- **Task description**: Using the entries below, copy exactly each line from the line with "Синя Етнічна Жилетка з Вишивкою та Помпонами" up to and including the line with "进入到炼丹炉的强化栏目,将要", with every picture left out.

- **Data for this task**:
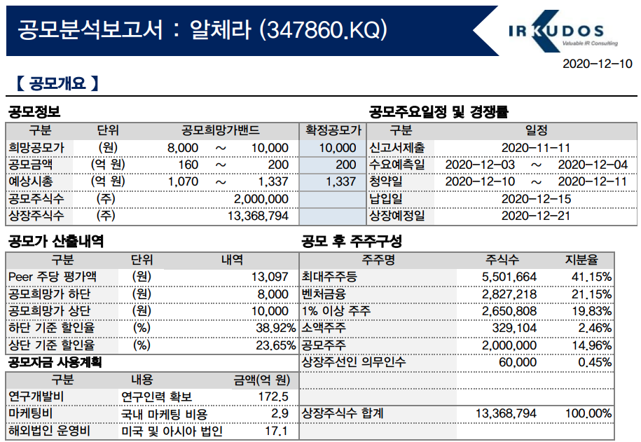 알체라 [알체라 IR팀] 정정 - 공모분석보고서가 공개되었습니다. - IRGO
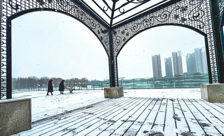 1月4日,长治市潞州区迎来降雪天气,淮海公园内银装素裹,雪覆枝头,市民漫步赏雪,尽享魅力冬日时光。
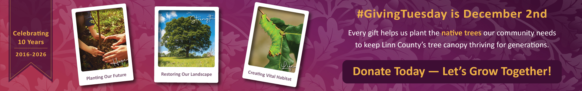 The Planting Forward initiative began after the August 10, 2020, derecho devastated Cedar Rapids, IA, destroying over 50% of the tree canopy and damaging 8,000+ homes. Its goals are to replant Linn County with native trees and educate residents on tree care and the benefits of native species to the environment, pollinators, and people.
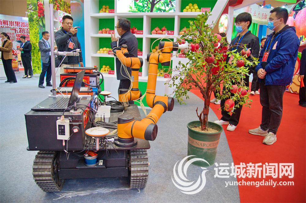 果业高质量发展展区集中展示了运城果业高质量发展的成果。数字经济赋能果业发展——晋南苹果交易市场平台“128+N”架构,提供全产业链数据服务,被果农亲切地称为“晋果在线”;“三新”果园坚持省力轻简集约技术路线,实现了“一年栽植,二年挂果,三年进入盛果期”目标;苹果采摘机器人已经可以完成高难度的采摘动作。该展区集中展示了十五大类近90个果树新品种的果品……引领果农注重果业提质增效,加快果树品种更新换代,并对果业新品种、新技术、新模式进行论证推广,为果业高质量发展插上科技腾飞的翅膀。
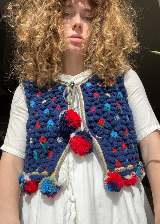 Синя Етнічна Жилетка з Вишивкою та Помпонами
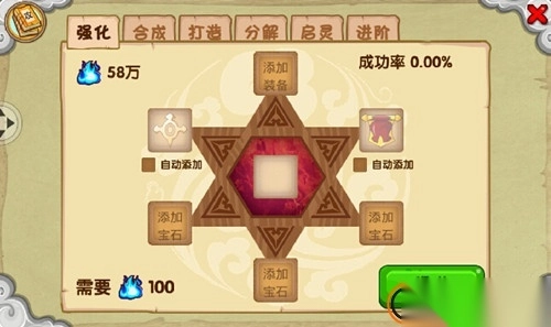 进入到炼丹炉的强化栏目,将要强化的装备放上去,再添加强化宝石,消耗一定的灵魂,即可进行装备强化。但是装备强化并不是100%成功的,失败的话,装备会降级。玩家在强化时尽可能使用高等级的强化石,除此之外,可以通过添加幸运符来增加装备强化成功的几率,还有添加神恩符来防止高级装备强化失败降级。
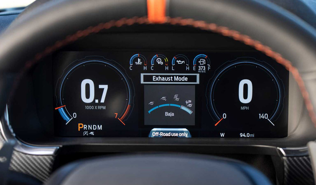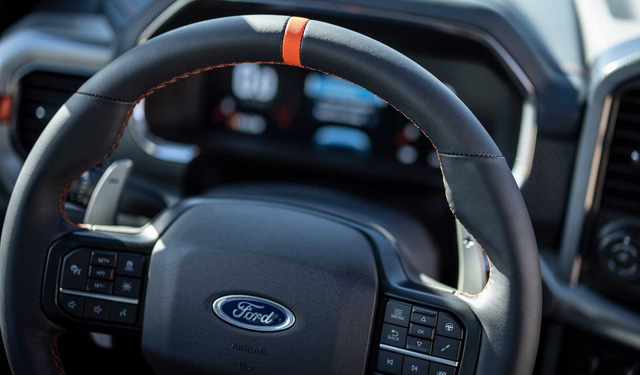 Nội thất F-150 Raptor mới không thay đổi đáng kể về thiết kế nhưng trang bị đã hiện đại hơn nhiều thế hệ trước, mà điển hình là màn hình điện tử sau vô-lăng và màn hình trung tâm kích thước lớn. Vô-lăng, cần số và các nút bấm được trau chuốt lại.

---

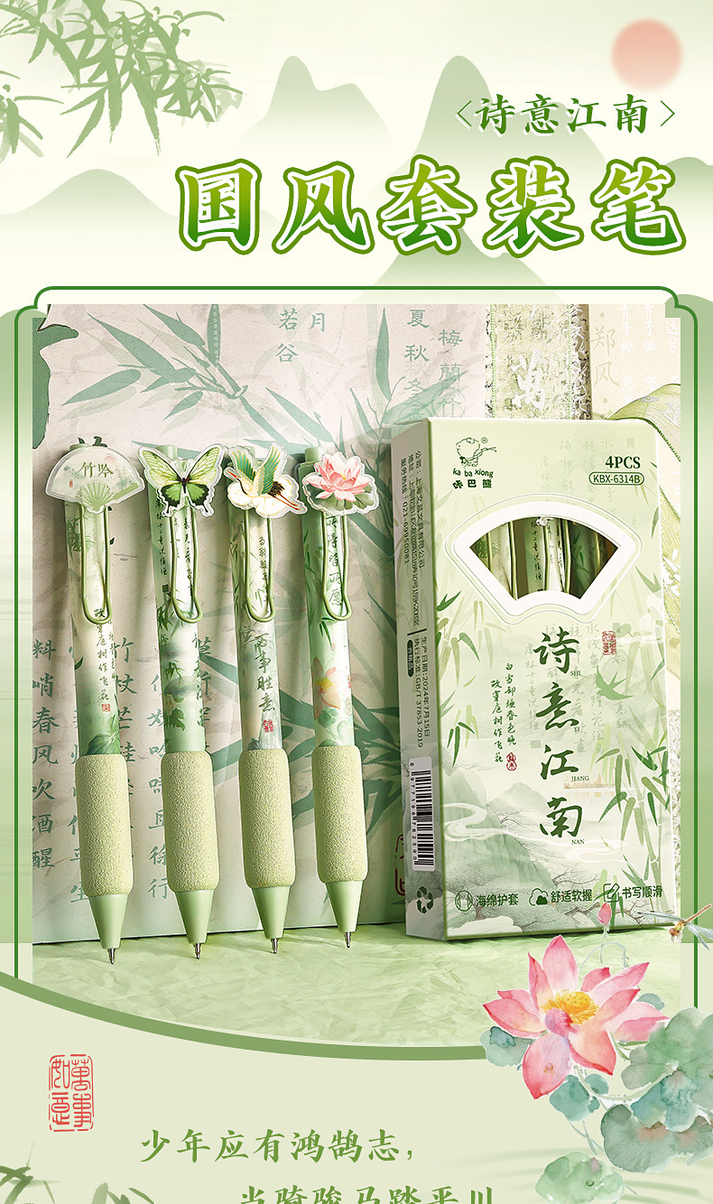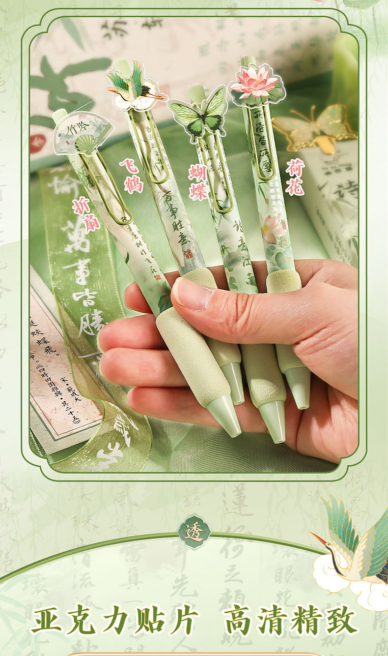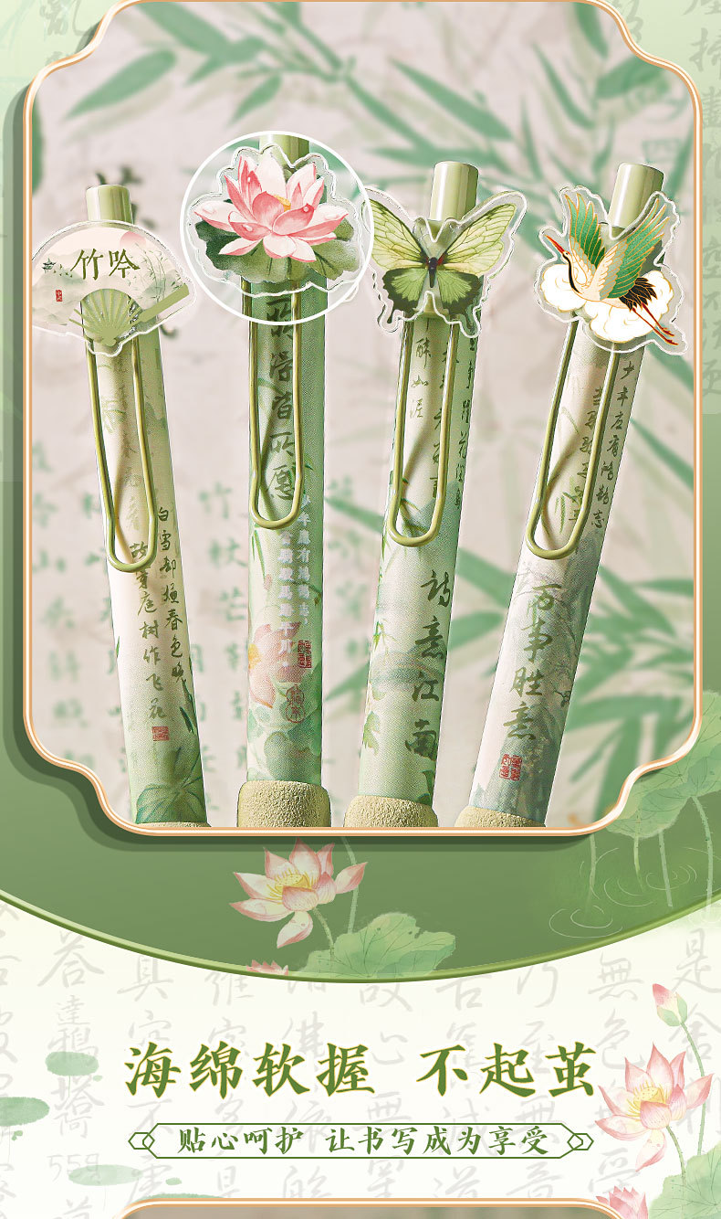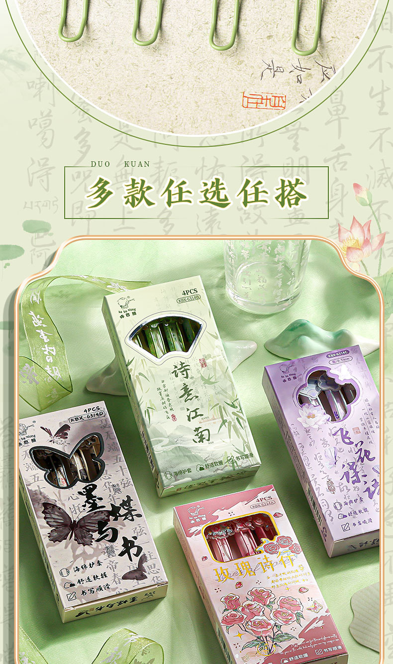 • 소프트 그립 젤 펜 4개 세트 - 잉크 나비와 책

- **Exercise response**:
 Синя Етнічна Жилетка з Вишивкою та Помпонами
 进入到炼丹炉的强化栏目,将要强化的装备放上去,再添加强化宝石,消耗一定的灵魂,即可进行装备强化。但是装备强化并不是100%成功的,失败的话,装备会降级。玩家在强化时尽可能使用高等级的强化石,除此之外,可以通过添加幸运符来增加装备强化成功的几率,还有添加神恩符来防止高级装备强化失败降级。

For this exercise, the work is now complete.